_Exercise directions_
Apart from the images, reproduce all of the data word for word.

::::

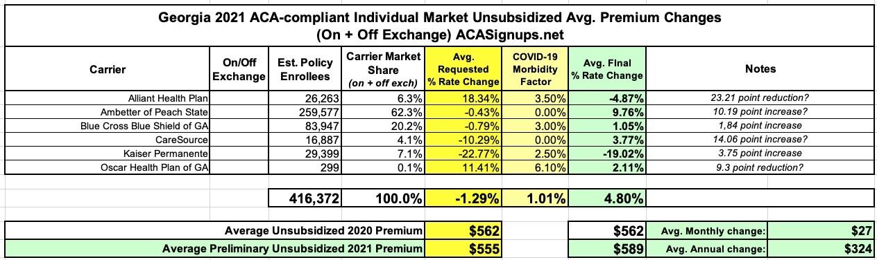 Georgia: Approved avg. 2021 #ACA premiums: +4.8% (was -1.3%)
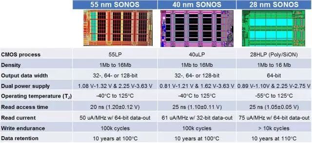 ?SONOS in mass production from 0.35um to 55nm, engineering samples available on 40uLP & 28HLP
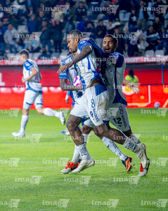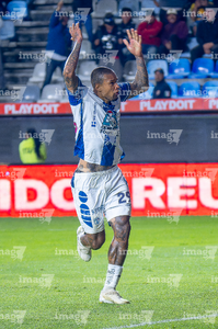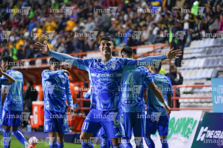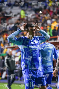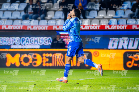 Pachuca, Hidalgo, 22 de octubre de 2025. Carlos Moreno en festejo, durante el partido correspondiente a la jornada 14 del torneo Apertura 2025 de la Liga BBVA MX, entre los Tuzos del Pachuca y los Tigres de la UANL, realizado en el estadio Hidalgo. Foto: Imago7/ Jacqueline Pedraza
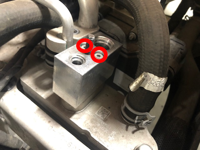 - Inspect the O-rings (x2) on the A/C lines to the chiller TXV and if they're damaged, replace them.
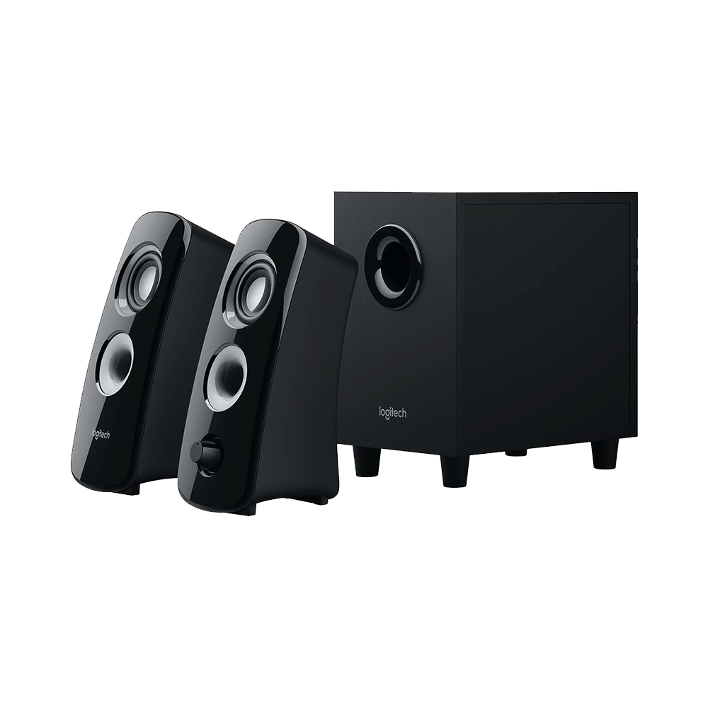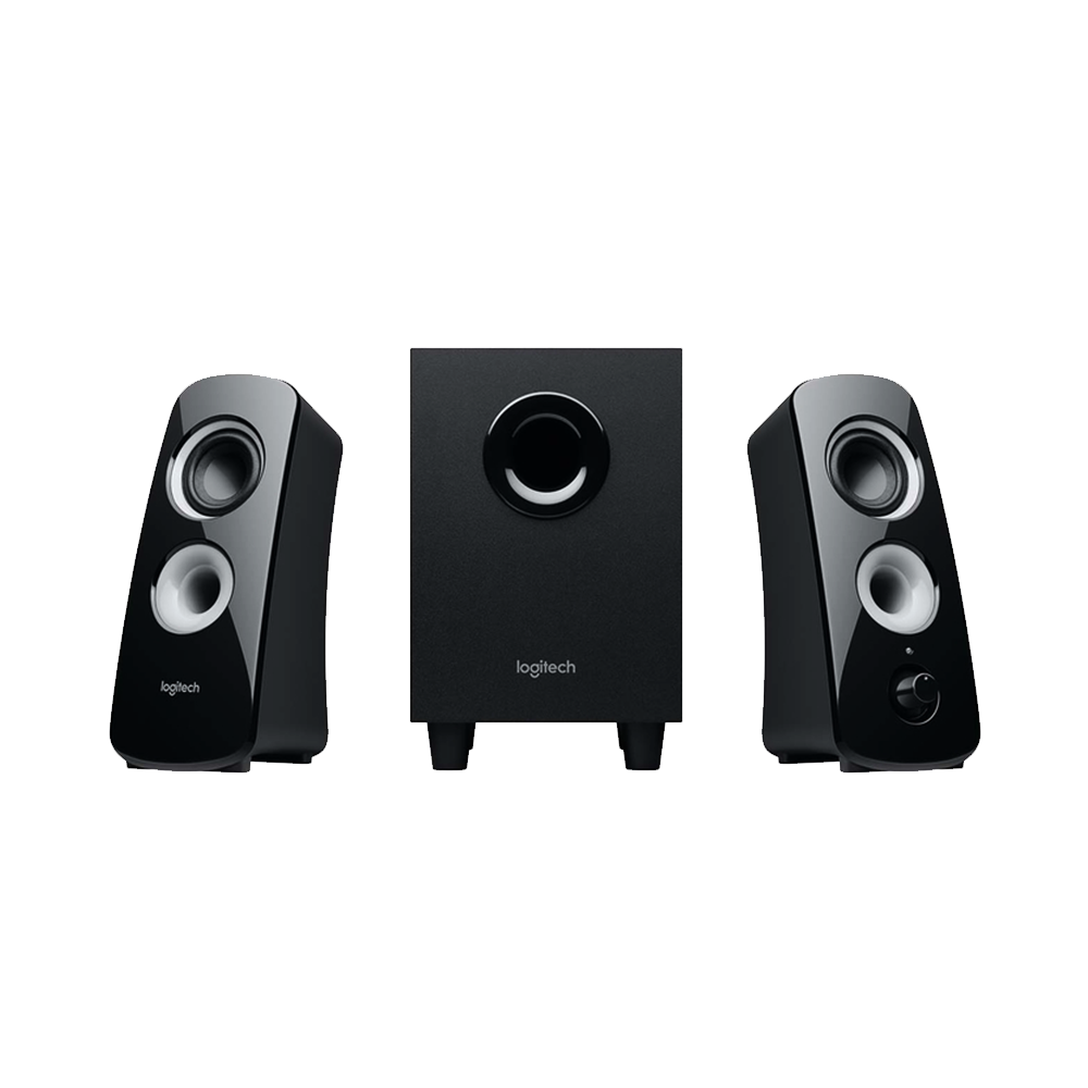 Conecte hasta dos dispositivos compatibles y acceda al control de encendido y volumen en el altavoz derecho. Ajuste los graves desde la perilla dedicada en la parte posterior del subwoofer.

::::

_Written answer_
 Georgia: Approved avg. 2021 #ACA premiums: +4.8% (was -1.3%)
 ?SONOS in mass production from 0.35um to 55nm, engineering samples available on 40uLP & 28HLP
 Pachuca, Hidalgo, 22 de octubre de 2025. Carlos Moreno en festejo, durante el partido correspondiente a la jornada 14 del torneo Apertura 2025 de la Liga BBVA MX, entre los Tuzos del Pachuca y los Tigres de la UANL, realizado en el estadio Hidalgo. Foto: Imago7/ Jacqueline Pedraza
 - Inspect the O-rings (x2) on the A/C lines to the chiller TXV and if they're damaged, replace them.
 Conecte hasta dos dispositivos compatibles y acceda al control de encendido y volumen en el altavoz derecho. Ajuste los graves desde la perilla dedicada en la parte posterior del subwoofer.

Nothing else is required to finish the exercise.